GIVEN DATA.
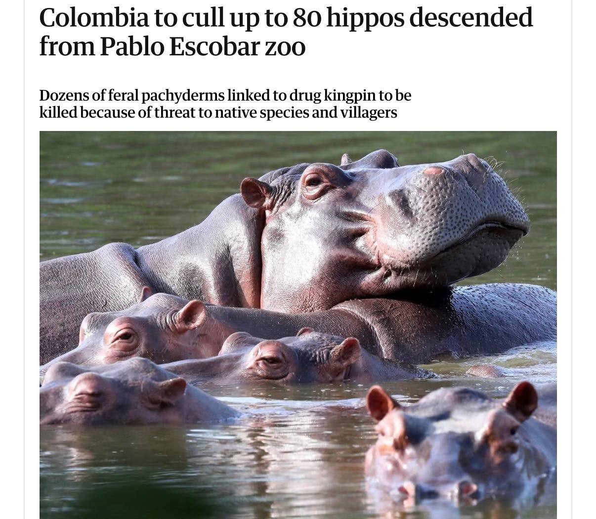 Власти рассматривают бегемотов как опасный инвазивный вид: по оценкам специалистов, они наносят ущерб экосистеме, вытесняют местную фауну и могут представлять угрозу для людей.
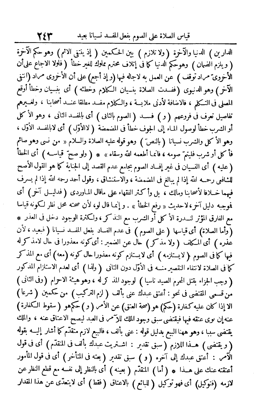 الدَّاريْنِ) الدُّنْيَا وَالْآخِرَة (وَلَا تلازم) بَين الْحكمَيْنِ (إِذْ ينتفى الْإِثْم) وَهُوَ حكم الْآخِرَة (وَيلْزم الضَّمَان) وَهُوَ حكم الدُّنْيَا كَمَا فِي إِتْلَاف مُحْتَرم مَمْلُوك للْغَيْر خطأ (فلولا الْإِجْمَاع على أَن الأخروي مُرَاد توقف) عَن الْعَمَل بِهِ لإجماله فِيهَا (وَإِذ أجمع) على أَن الأخروي مُرَاد (انْتَفَى الآخر) وَهُوَ الدنيوي (ففسدت الصَّلَاة بنسيان الْكَلَام وخطئه) أَي بنسيان وَخطأ أوقع الْمصلى فِي التَّكَلُّم، فالإضافة لأدنى مُلَابسَة، وَالْكَلَام مُفسد مُطلقًا عِنْد أَصْحَابنَا، ولغيرهم تفاصيل تعرف فِي فروعهم (و) فسد (الصَّوْم بِالثَّانِي) أَي بالمفسد الثَّانِي، وَهُوَ الْأكل أَو الشّرْب خطأ لوصول المَاء إِلَى الْجوف خطأ فِي الْمَضْمَضَة (لَا الأول) أَي لَا بالمفسد الأول، وَهُوَ الْأكل وَالشرب نِسْيَانا (بِالنَّصِّ) وَهُوَ قَوْله صلى الله عَلَيْهِ وَسلم " من نسى وَهُوَ صَائِم فَأكل أَو شرب فليتم صَوْمه، فَإِنَّمَا أطْعمهُ الله وسقاه " (وَلَو صَحَّ قِيَاسه) أَي الْخَطَأ (عَلَيْهِ) أَي النسْيَان فِي غير إِفْسَاد الصَّوْم بِجَامِع عدم الْقَصْد إِلَى الْجِنَايَة كَمَا هُوَ القَوْل الْأَصَح للشَّافِعِيّ رَحمَه الله إِذا لم يُبَالغ فِي الْمَضْمَضَة، وَالِاسْتِنْشَاق، وَقَول أَحْمد رَحمَه الله إِذا لم يسرف فيهمَا خلافًا لِأَصْحَابِنَا وَمَالك، بل وَأكْثر الْفُقَهَاء على مَا قَالَ الْمَاوَرْدِيّ (فدليل آخر) أَي فموجبه دَلِيل آخر، لَا حَدِيث " رفع الْخَطَأ ". وَإِنَّمَا قَالَ لَو، لِأَن صِحَّته مَحل نظر لكَونه قِيَاسا مَعَ الْفَارِق الْمُؤثر لندرة الْأكل اَوْ الشّرْب مَعَ التَّذَكُّر، ولكثرة الْوُجُود دخل فِي الْعذر (وَأما الصَّلَاة) أَي قياسها (على الصَّوْم) فِي عدم الْفساد بِفعل الْمُفْسد نِسْيَانا (فبعيد، لِأَن عذره) أَي الْمُكَلف (وَلَا مُذَكّر) حَال عَن الضَّمِير: أَي كَونه مَعْذُورًا فِي حَال لَا مُذَكّر لَهُ فِيهَا كَمَا فِي الصَّوْم (لَا يستلزمه) أَي لَا يسْتَلْزم كَونه مَعْذُورًا حَال كَونه (مَعَه) أَي مَعَ الْمُذكر كَمَا فِي الصَّلَاة لانْتِفَاء التَّقْصِير مِنْهُ فِي الأول دون الثَّانِي (وَلذَا) أَي لعدم الاستلزام الْمَذْكُور (وَجب الْجَزَاء بقتل الْمحرم الصَّيْد نَاسِيا) لوُجُود الْمُذكر لَهُ، وَهُوَ هَيْئَة الْإِحْرَام (وَفِي الثَّانِي) من قسمي الْمُقْتَضى فِي نَحْو: أعتق عَبدك عني بِأَلف (لزم التَّرْكِيب) من حكمين (شرعا) إِلَّا إِذا كَانَ عَلَيْهِ كَفَّارَة (حكم) هُوَ (صِحَة الْعتْق) عَن الْأَمر (و) حكم هُوَ (سُقُوط الْكَفَّارَة) عَنهُ إِن نوى عتقه فِيهَا فَيَقْتَضِي سبق وجود الْملك للْآمِر فِي العَبْد ليَصِح الاعتاق عَنهُ، وَالْملك يقتضى سَببا، وَهُوَ هَهُنَا البيع بِدَلِيل قَوْله: عني بِأَلف، فَالْبيع لَازم مُتَقَدم كَمَا أَشَارَ إِلَيْهِ بقوله (ويقتضى) هَذَا اللَّازِم (سبق تَقْدِير: اشْتريت عَبدك بِأَلف فِي الْمُتَقَدّم) أَي فِي قَول الْآمِر: أعتق عَبدك إِلَى آخِره (و) سبق تَقْدِير (بِعته فِي الْمُتَأَخر) أَي فِي قَول الْمَأْمُور أَعتَقته عَنْك على هَذَا (أما) الْمُتَقَدّم (بِعَيْنِه) أَي بِالنّظرِ إِلَى نَفسه مَعَ قطع النّظر عَن لَازمه (فتوكيل) أَي فَهُوَ تَوْكِيل (للْبَائِع) بالاعتاق (فَقَط) أَي لَا يتَعَدَّى عَن هَذَا الْمِقْدَار
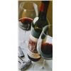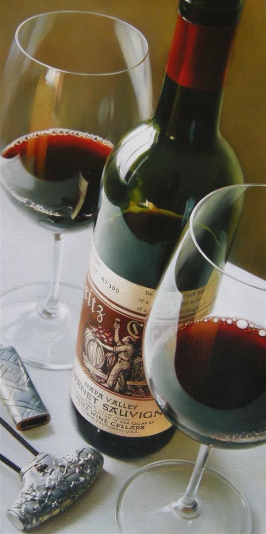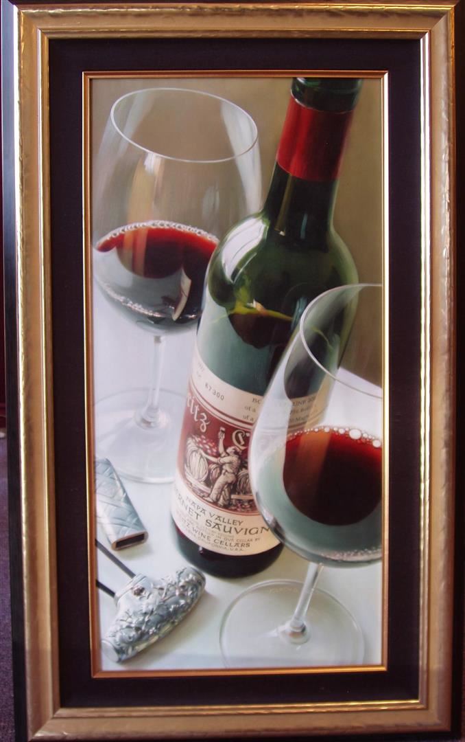 Heitz Cabernet Savignon, Napa Valley overlooks an ornate, silver bottle opener and two glasses of wine in Dmitriy Volkov's oil on canvas. The painting measures 35.5 x 18; framed image measures approx. 47.5 x 30.
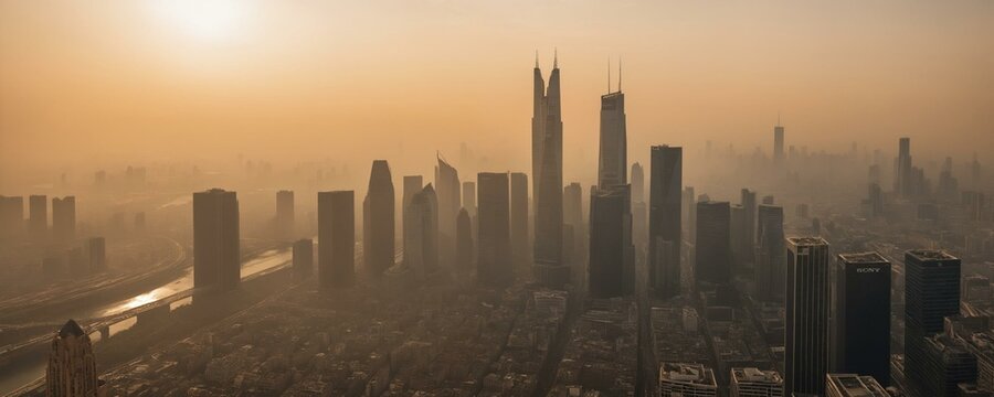 Smoggy Sunset over Shanghai Skyline: Dramatic Cityscape
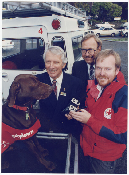 Red Cross search dog unit dog Whizz and unit leader Nigel Walker ...
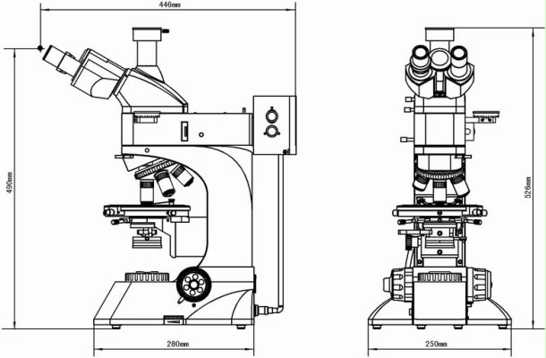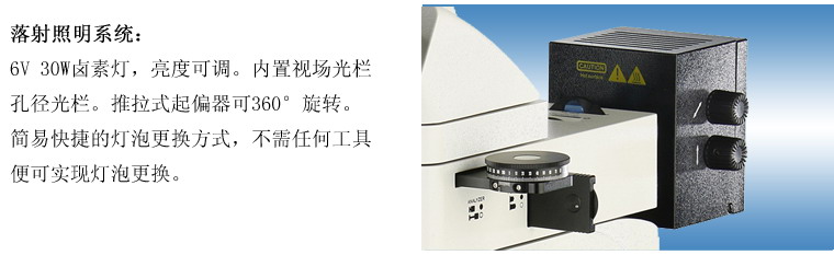 内置检偏器, 可自由切换正常观察与偏光观察, 可90°旋转,游标格值12' |
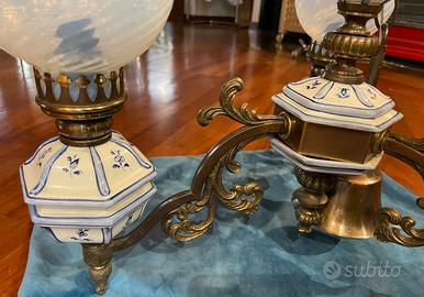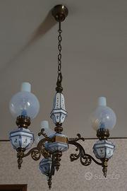 Struttura in metallo , 5 parti in ceramica bianca e blu dipinta a mano
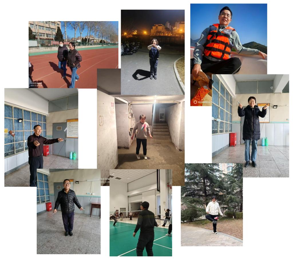 本次活动以“冬日‘趣’运动”为主题,采用线上自主运动打卡形式开展,地点不限、方式灵活,充分兼顾了教学科研与管理服务的工作节奏,方便教职工合理安排时间参与。活动期间,老师们走出办公室、迈向操场与街巷,或迎着晨光徒步健行,或借助课余慢跑舒展,或在暮色中骑行释压,也有人选择球类运动强健体魄。大家用一张张照片记录运动瞬间、定格健康风采:镜头里有步伐、有汗水,更有精气神;有冬日的清冽,也有生活的热烈。每一次打卡,都是对自我管理的提醒;每一次坚持,都是对美好生活的奔赴。
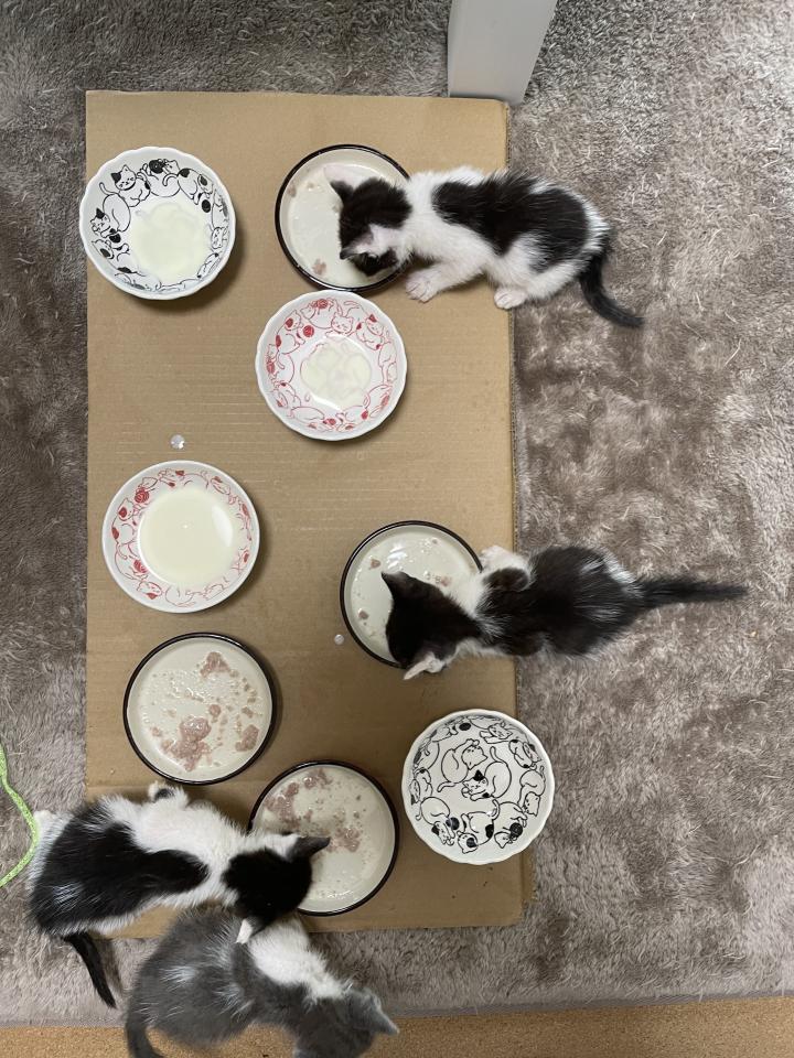 みんなでお食事 レイちゃんグレーの子は現在入院中です。

EXERCISE. In the listing above, find the line containing "Smoggy Sunset over" and the line containing "Struttura in metallo"; print those lines and every line between them exactly, leaving out pictures.

TASK RESULT.
 Smoggy Sunset over Shanghai Skyline: Dramatic Cityscape
 Red Cross search dog unit dog Whizz and unit leader Nigel Walker ...
 内置检偏器, 可自由切换正常观察与偏光观察, 可90°旋转,游标格值12' |
 Struttura in metallo , 5 parti in ceramica bianca e blu dipinta a mano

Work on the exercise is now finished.